◆ Data ◆
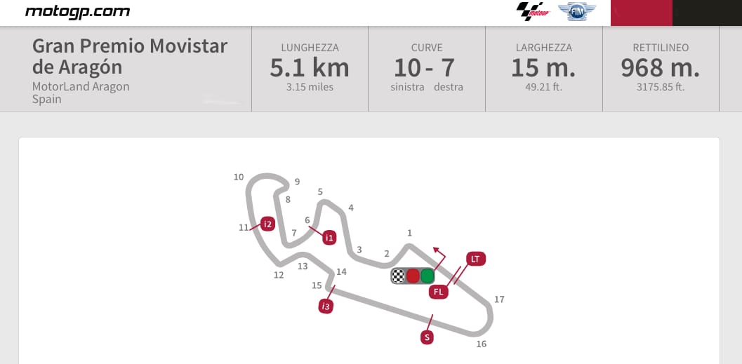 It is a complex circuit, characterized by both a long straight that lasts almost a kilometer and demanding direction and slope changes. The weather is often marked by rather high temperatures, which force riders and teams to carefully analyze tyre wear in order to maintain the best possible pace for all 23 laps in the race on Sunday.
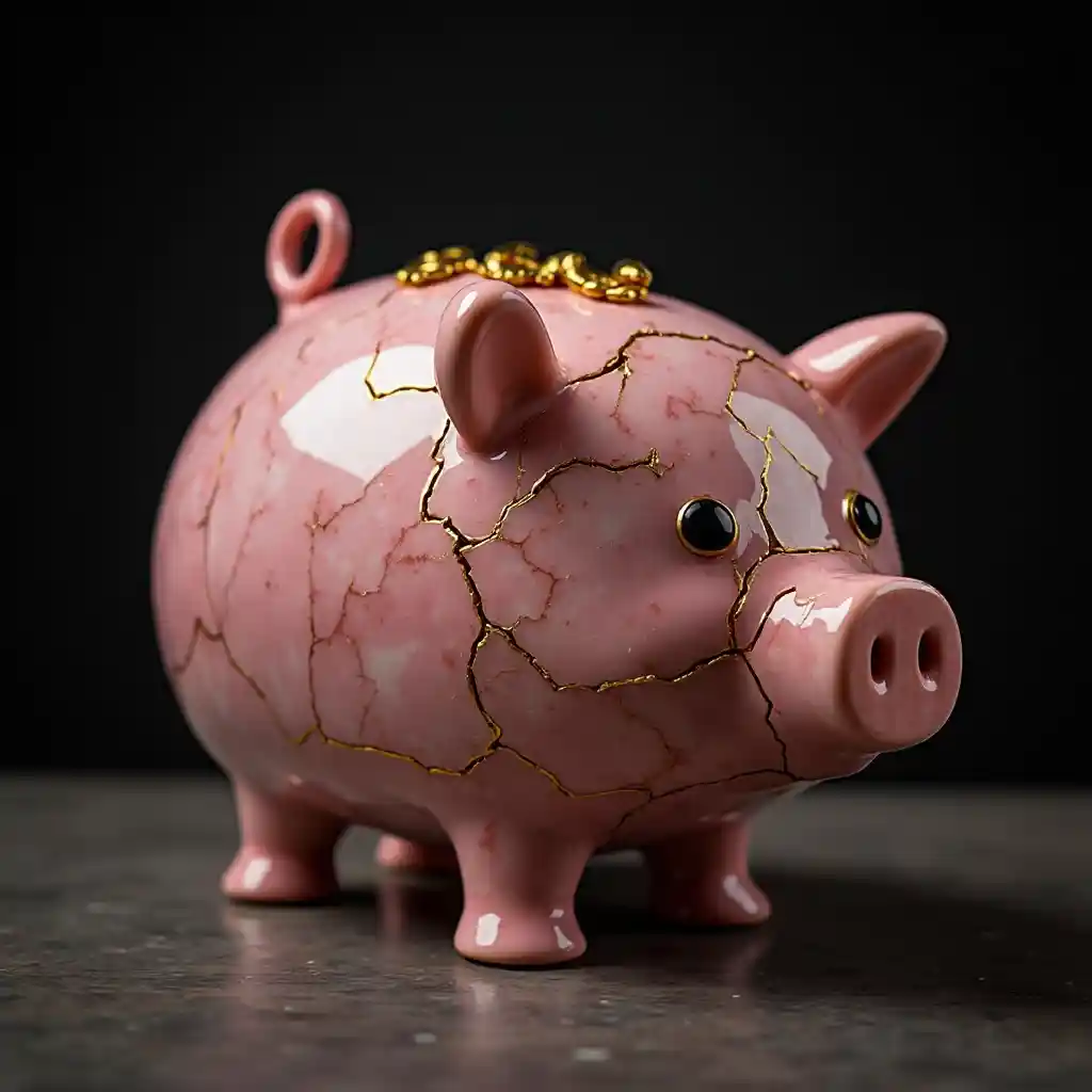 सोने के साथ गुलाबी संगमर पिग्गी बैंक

==

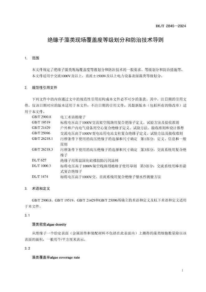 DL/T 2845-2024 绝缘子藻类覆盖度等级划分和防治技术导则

==

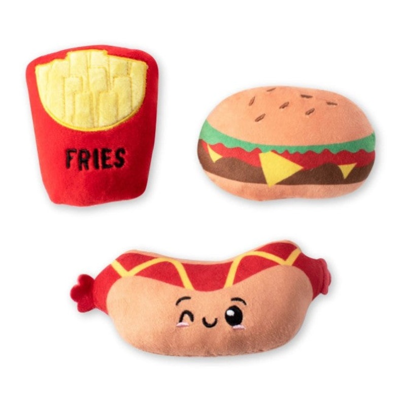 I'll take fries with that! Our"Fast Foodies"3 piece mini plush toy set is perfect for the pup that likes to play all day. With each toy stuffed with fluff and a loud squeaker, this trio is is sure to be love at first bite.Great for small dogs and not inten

◆ Work required ◆
In the listing above, the required lines run from the line with "It is a complex" through the line with "सोने के साथ गुलाबी संगमर पिग्गी बैंक". Output exactly those lines, omitting pictures.

◆ Reply ◆
 It is a complex circuit, characterized by both a long straight that lasts almost a kilometer and demanding direction and slope changes. The weather is often marked by rather high temperatures, which force riders and teams to carefully analyze tyre wear in order to maintain the best possible pace for all 23 laps in the race on Sunday.
 सोने के साथ गुलाबी संगमर पिग्गी बैंक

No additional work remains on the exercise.